• [PROBLEM REQUIREMENTS]:
Reproduce exactly the run of lines that begins with the one containing "Armani Exchange Homme" and ends with the last line of the records, omitting pictures.

• [Dataset records]:
───

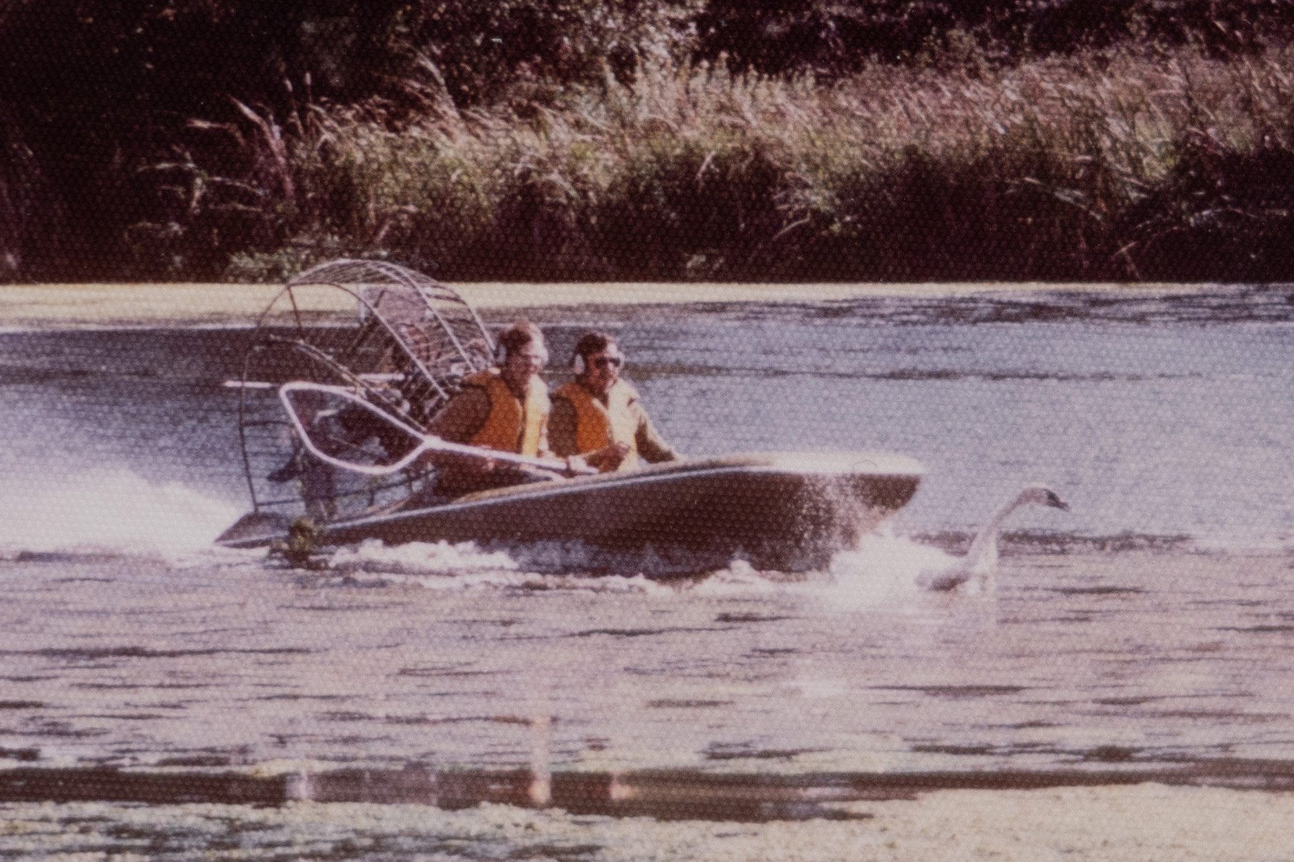 Refuge staff capture a Trumpeter Swan for Banding in 1978
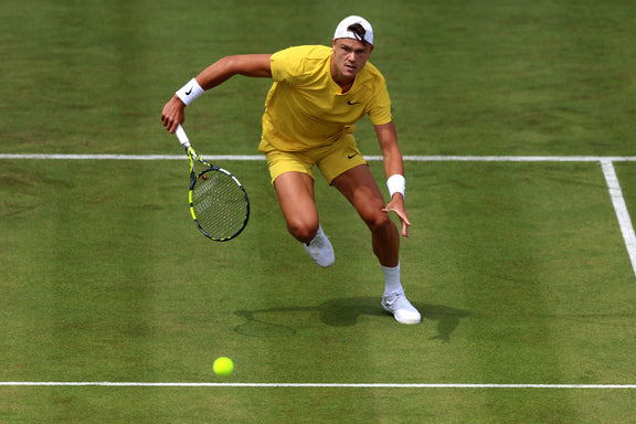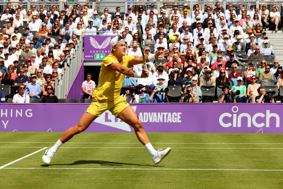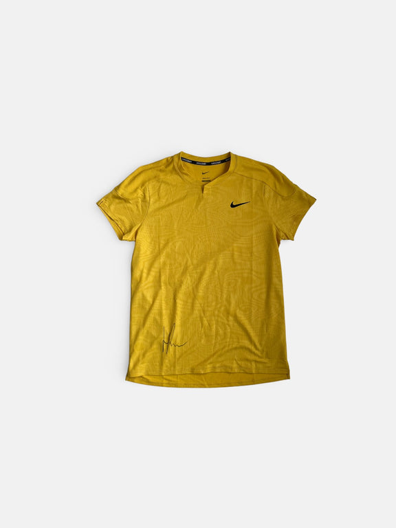 Mustard colored Signed and match used T-shirt from Queens, London tournament
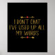 Poster I Don't Chat I've Used Up All My Words Funny Quote
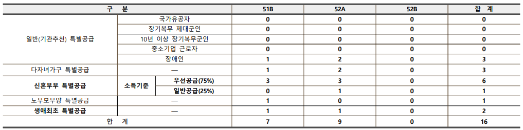 5. 특별공급 신청자격별, 주택형별 공급세대수
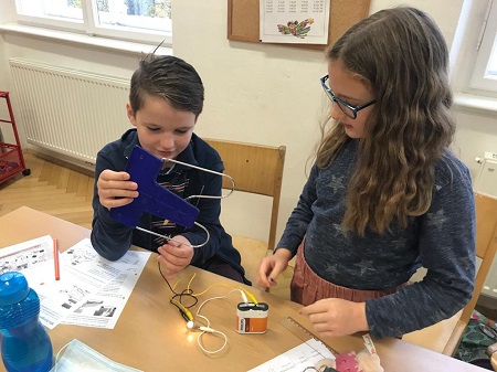 Die Hauptfrage war: „Wann leuchtet das Lämpchen und wann leuchtet es nicht?“ Bei verschiedenen Experimenten wurde ausprobiert, welche Gegenstände den Strom leiten und wann ein Stromkreis geschlossen ist. Dann ging es ans Werken: wir bauten unser eigenes Geschicklichkeitsspiel. Eine Rennstrecke aus einem Aluminiumdraht, die von einem Drahtring am Griff nicht berührt werden darf. Jede Berührung der Drähte wird durch das Aufleuchten des Lämpchens angezeigt. Alle wurden also quasi zu Rennfahrern und Rennfahrerinnen und am Ende des Projektes waren alle Sieger!
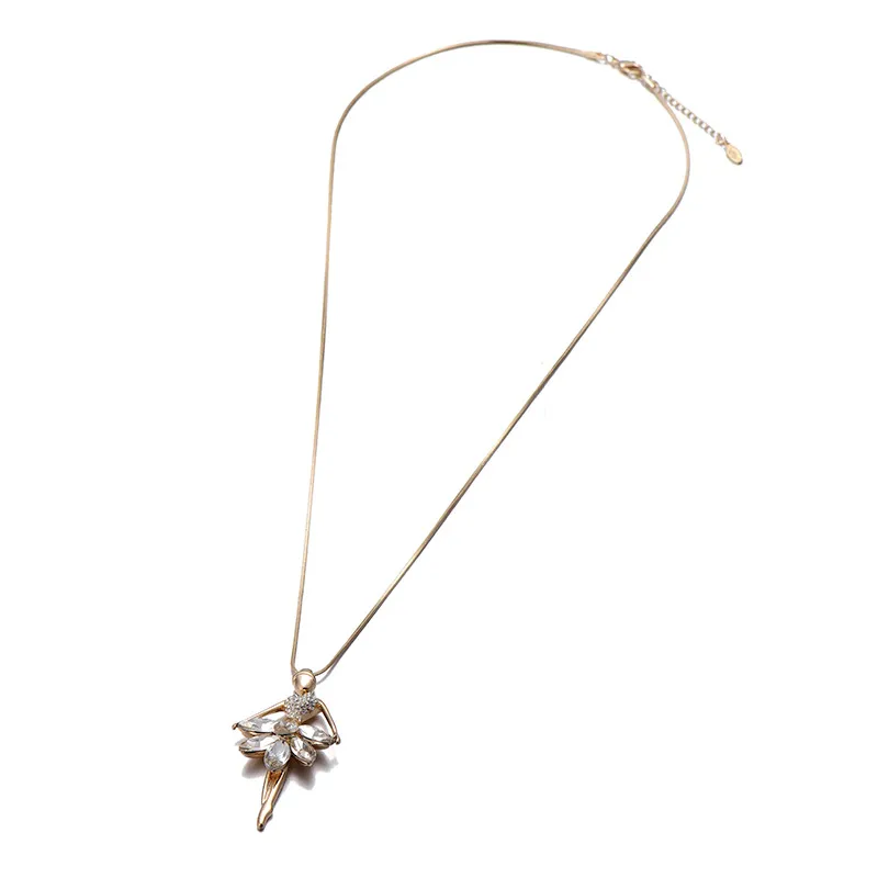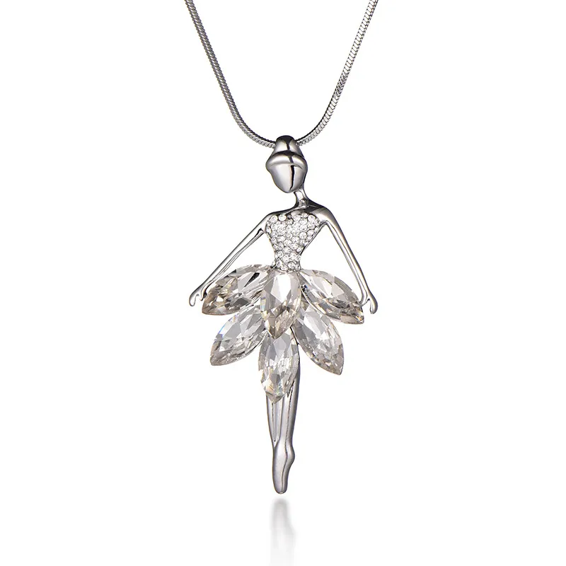 Crystal ballerina girl pendant sweater chain
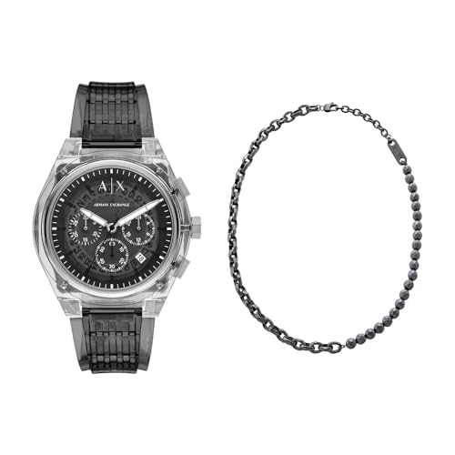 Armani Exchange Homme Montre en Polyuréthane Gris et Collier Gunmetal Acier Inoxydable, Ensemble
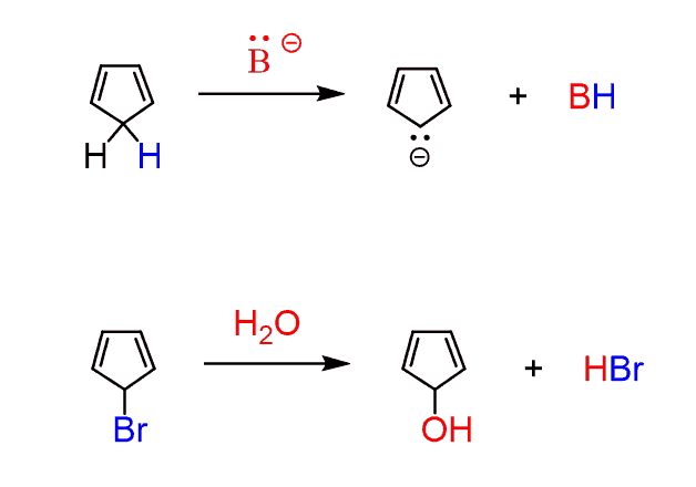 This was about the stability of the cyclopentadiene anion explained by the fact that it is aromatic. Let’s now go back and figure out why the following reaction is unusually slow:
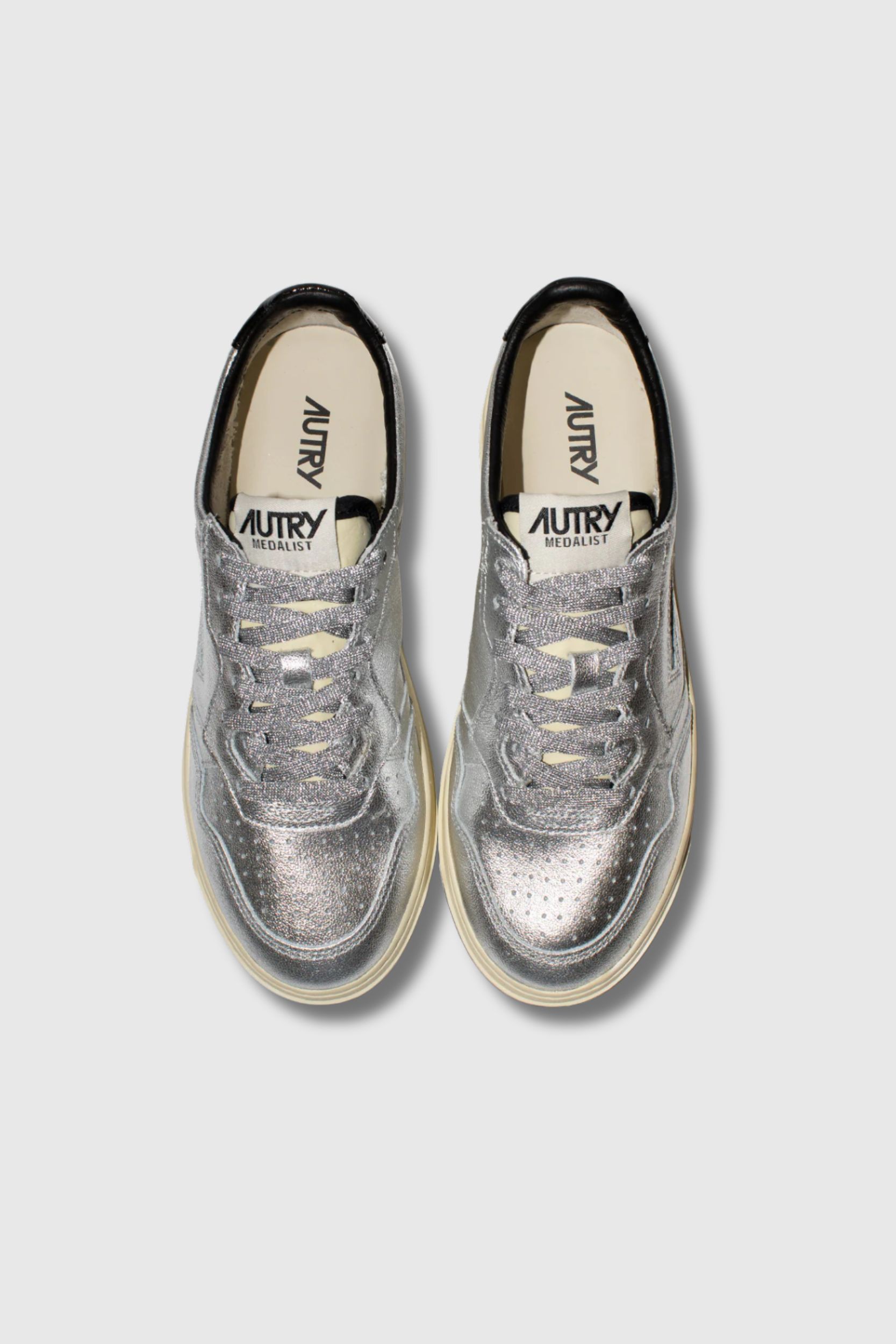 Ces baskets Medalist argenté et noire sont signées Autry. Celles-ci présentent le logo en cuir embossé sur le talon.
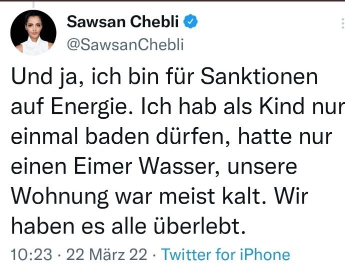 #Chebli hat als Kind nur einmal baden dürfen - und das war dann zu heiß. Phänomen geklärt.#Energieembargohttps://twitter.com/DanielPugge/status/1506974226061873156 …
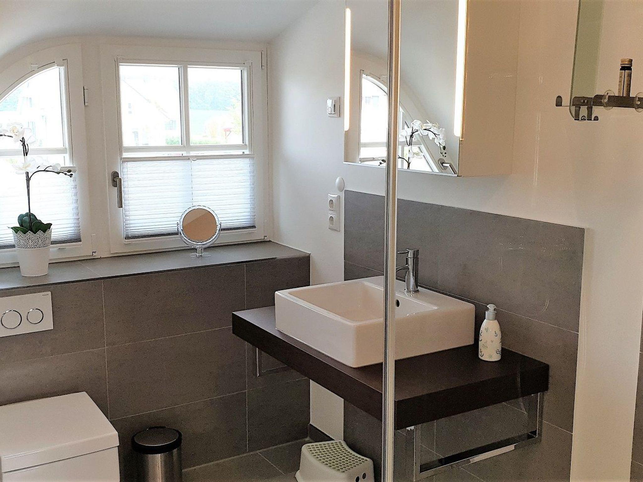 Im Obergeschoss befindet sich das zweite Badezimmer mit Regendusche und wundervollem Blick auf die Ostsee.
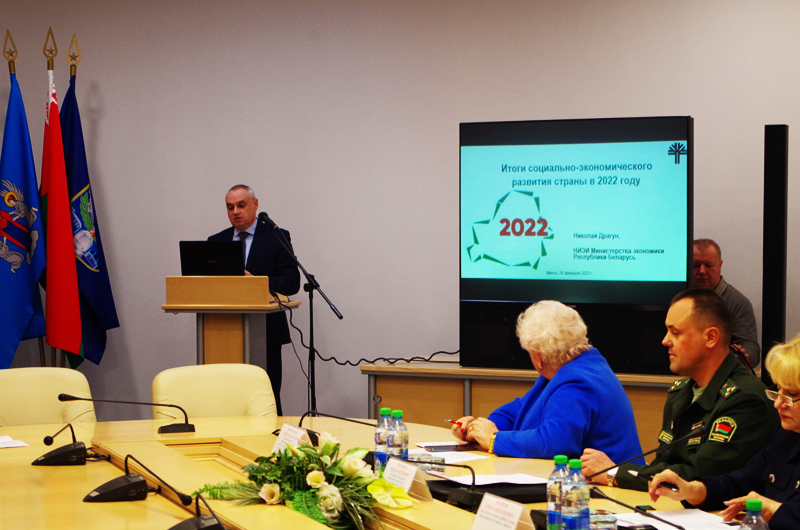 Докладчик подробно охарактеризовал макроэкономические и социально-политические условия, в которых функционировала экономика Беларуси, ключевые решения Правительства страны, направленные на противодействие и смягчение негативного влияния санкций недружественных государств: принятие и реализация Комплексного плана по поддержке экономики; создание и функционирование при Совете Министров в режиме 24/7 Оперативно-ситуационного штаба; меры финансовой поддержки экспортеров и преодоления барьеров для экспортных поставок.
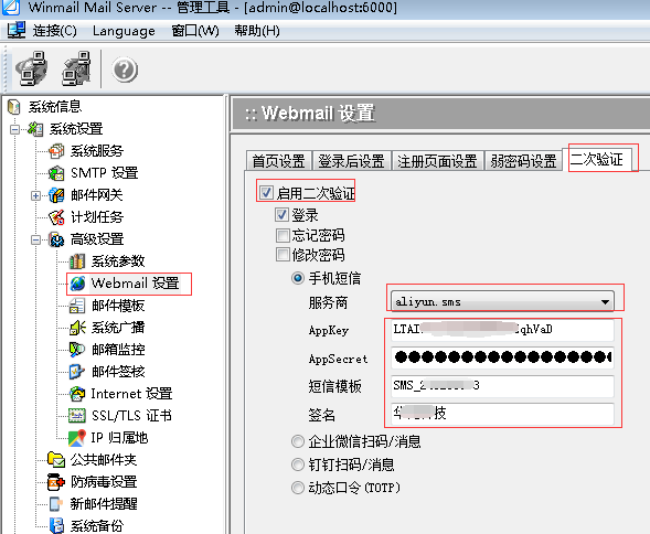 Winmail 7.2 起支持这个功能,只支持 Webmail 浏览器登录邮箱,不支持邮件客户端和手机APP,本文以阿里云短信为例,其他平台可以参考设置。
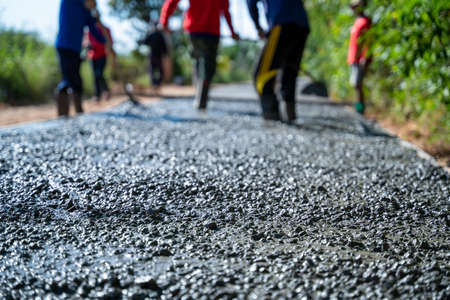 Construction Worker Leveling Wet Cement Into Wood Framing.

───

• [WRITTEN REPLY]:
 Armani Exchange Homme Montre en Polyuréthane Gris et Collier Gunmetal Acier Inoxydable, Ensemble
 This was about the stability of the cyclopentadiene anion explained by the fact that it is aromatic. Let’s now go back and figure out why the following reaction is unusually slow:
 Ces baskets Medalist argenté et noire sont signées Autry. Celles-ci présentent le logo en cuir embossé sur le talon.
 #Chebli hat als Kind nur einmal baden dürfen - und das war dann zu heiß. Phänomen geklärt.#Energieembargohttps://twitter.com/DanielPugge/status/1506974226061873156 …
 Im Obergeschoss befindet sich das zweite Badezimmer mit Regendusche und wundervollem Blick auf die Ostsee.
 Докладчик подробно охарактеризовал макроэкономические и социально-политические условия, в которых функционировала экономика Беларуси, ключевые решения Правительства страны, направленные на противодействие и смягчение негативного влияния санкций недружественных государств: принятие и реализация Комплексного плана по поддержке экономики; создание и функционирование при Совете Министров в режиме 24/7 Оперативно-ситуационного штаба; меры финансовой поддержки экспортеров и преодоления барьеров для экспортных поставок.
 Winmail 7.2 起支持这个功能,只支持 Webmail 浏览器登录邮箱,不支持邮件客户端和手机APP,本文以阿里云短信为例,其他平台可以参考设置。
 Construction Worker Leveling Wet Cement Into Wood Framing.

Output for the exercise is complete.